With the rapid expansion of high performance cloud services and the specialization of chip architectures, organizations have growing options but face increasing complexities

It truly is an amazing time to be in digital R&D. The old constraints of on-premises data centers are being replaced with virtually unlimited elastic capacity of cloud-based supercomputing services. No longer do researchers and engineers have to sit in queues waiting to access a limited and highly valuable resource.

But this also means that there’s a lot of choices. Which cloud provider should we use? Should we be single or multi-cloud? Which high performance computing (HPC) services are best for us? What chip architecture should we use?

And critically, HPC cloud services and the chip architectures that support them are rapidly evolving. The variety and number of chips is exploding. That is driving a ton of options for HPC users, but it’s also creating significant complexity.
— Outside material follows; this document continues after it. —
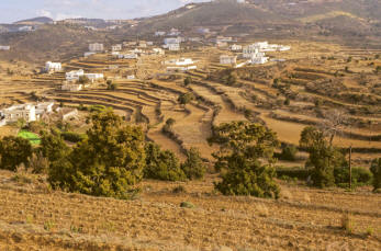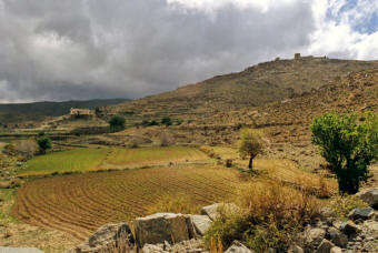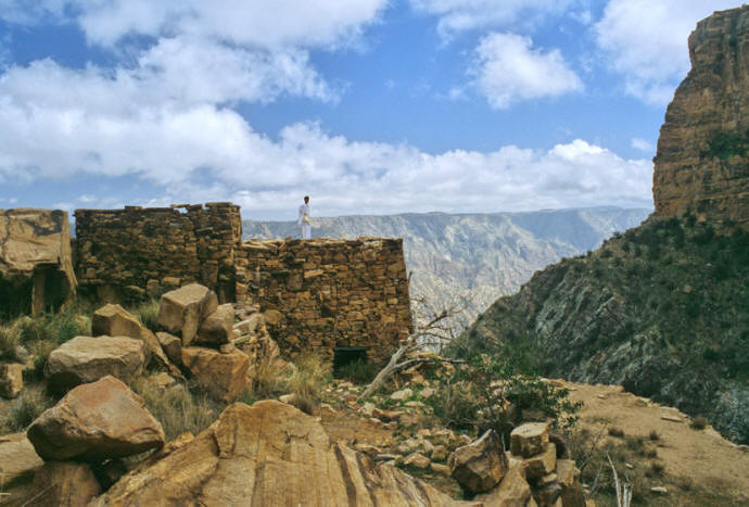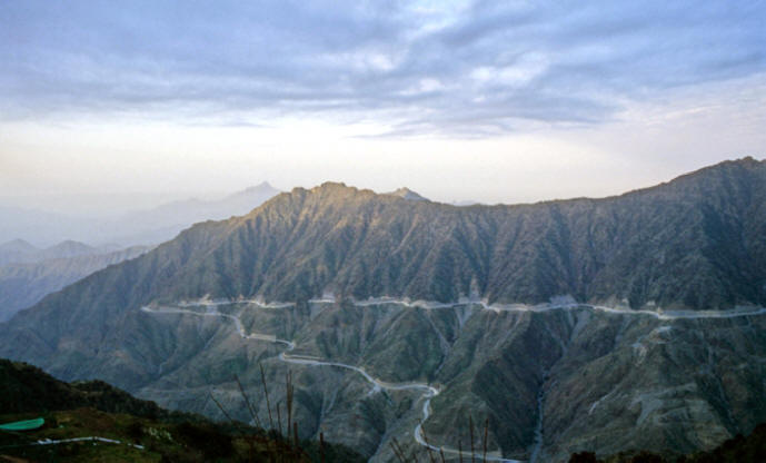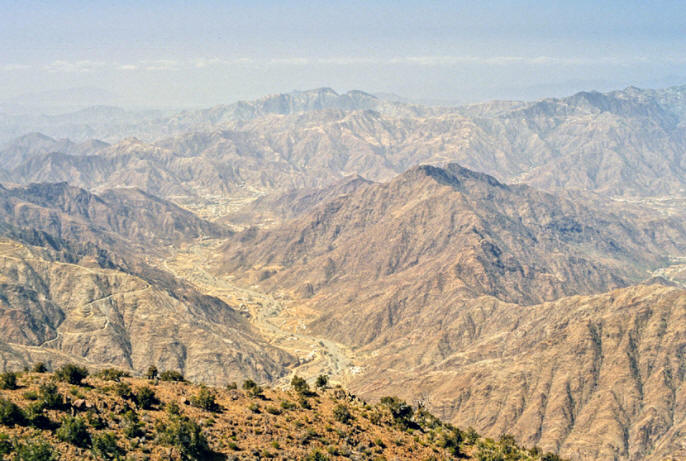 Winding Road to Baha - we drove this in thick fog. The view from the hotel next morning was stunning and gave us a clear picture of the road we took in heavy fog the previous night. The houses in Baha all had heavy bars on the windows. As we discovered this was not due to high crime levels (Saudi has very little theft) but to keep the wild monkeys out! We set off the next day along the mountain range towards Abha. Here mountains soared to over 10,000 feet and there is enough rain to keep the land fertile without irrigation.

The good news? Rescale has created Performance Profiles to simplify the challenge of chip choices. Let’s dive into these trends and how Rescale can help.

A New Era for HPC

HPC cloud services have seen a surge in demand in the past decade, driven by the rapid growth of digital R&D to run complex models and simulations of real-world physics. HPC encompasses an ecosystem of computing, application, storage, and networking resources that are strategically pooled to solve complex computational problems.
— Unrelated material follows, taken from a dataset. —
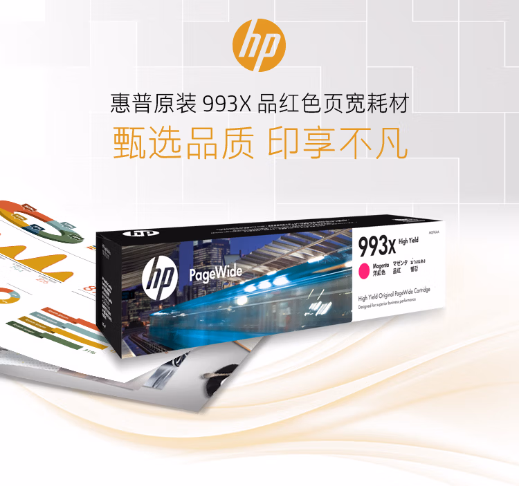 惠普原装 993X 品红色页宽耗材 *平均打印覆盖率基于ISO/IEC 24711 |

Cloud technology is at the forefront of the HPC revolution, helping organizations across industries harness data processing power that exceeds what traditional data center environments can offer. HPC in the cloud offers unprecedented levels of performance, efficiency, and flexibility to organizations looking to drive the digital transformation of their R&D programs.

Cloud adoption has grown exponentially in recent years, with companies spending over 30 percent of their IT budgets on cloud infrastructure. This growth is for good reason. The cloud offers unparalleled benefits, including on-demand access to shared resources and cost savings due to the elimination of expensive in-house server equipment.

The Growth of Specialized Chips

Coupled with the expansion of cloud-based HPC services, the massive growth of specialized chips is transforming high performance computing for R&D, offering supercomputing power tuned for specific workloads.Specialized chips aim to address the inefficiencies of general-purpose central processing units (CPUs).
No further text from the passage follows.